Lost Universe is the science fiction anime equivalent of Slayers, by substantially the same staff and set in a parallel universe, and it’s pleasant enough. Unfortunately, it fizzles into very little by the end. Given its relatively small cast, very few of the characters have clear motivations, and the ultimate threat isn’t really threatening enough. When it appears that the void of space is what’s at stake rather than visible land and people, it’s much harder to connect.
Kane Blueriver is a trouble contractor, aided by his holographic assistant Canal. They quickly recruit “the best in the universe”, Millie, to their side and, after taking on a few contracts, they find themselves battling against the Lost Ships and, ultimately, Dark Star.
The concept of a “Lost Universe” is pretty cool. The Lost Ships represent ancient orthodoxies and technologies no longer within the ability of men to replicate. Had this aspect been explored, with maybe some ship archaeology performed, this could have turned out much more interesting than it did.
Alas! The Lost Ships are never really explained and, given the late nineties vintage of the animation, they don’t look much like anything at all. This was the era of half arsed CG, and the finished product suffers for it.
The three main characters are well defined enough to avoid complaint; Millie is initially an unwanted member of the team but ultimately proves herself to have core competencies. The one ditzy character allowed anywhere near the plot is so tangential that she doesn’t have to be worried about.
Kane and Canal are also invested with enough pathos to get by, but the rest of the cast are too muddied by mystery in the final examination. Rail, for instance … What the Hell is his deal? There’s a long time before his final reveal, but it doesn’t seem connected to anything that came before it.
Similarly, trump cards are set up early in the series and they pay off too late and too insignificantly.

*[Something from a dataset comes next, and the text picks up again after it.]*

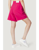 The Hinnominate women’s bermuda shorts model HNW815 are the perfect choice for those seeking a fresh and contemporary look. Made from 100% polyester, these solid-color shorts feature a slightly loose fit enhanced by elegant front pleats that add movement and sophistication. The high waist with zip and button closure ensures a comfortable and flattering fit, while practical side pockets provide both functionality and style. Ideal for the warm season, they pair easily with both casual and more refined outfits, always offering comfort and on-trend appeal.

There are two series at play here: the episodic contract episodes are nice enough, and the first gives a very good sense of world building, with a suggestion of fantasy trappings in science fiction garb, but this is never truly followed through on. Nothing of any significance or of much hilarity (this is, ostensibly, a comedy series) happens in these episodes, but they’re nice enough.
The overarching drama that periodically shows up and eventually takes over is very Star Wars, with the laser swords that the characters use ultimately coming down to the simple matter of one character wanting another to join the dark side. Yes. Indeed.
Visually it’s from the same team as Slayers but the charm doesn’t translate to space and the endless black is oppressive. The team doesn’t have the nous to animate space operas in a meaningful way and consequently little of importance is conveyed in the largely identical action sequences that punctuate the episodes.
Lost Universe isn’t that uncommon in anime: a cool idea with potential that never quite delivers. It’s not a failure or write off, and I don’t regret watching it, but it’s lamentably inessential. The liner notes on the DVDs suggest that the novels upon which it’s based would be more satisfactory.
As far as anime goes, if you want basically the same thing but with terrestrial characters and a more properly realised world and story, Slayers is your series.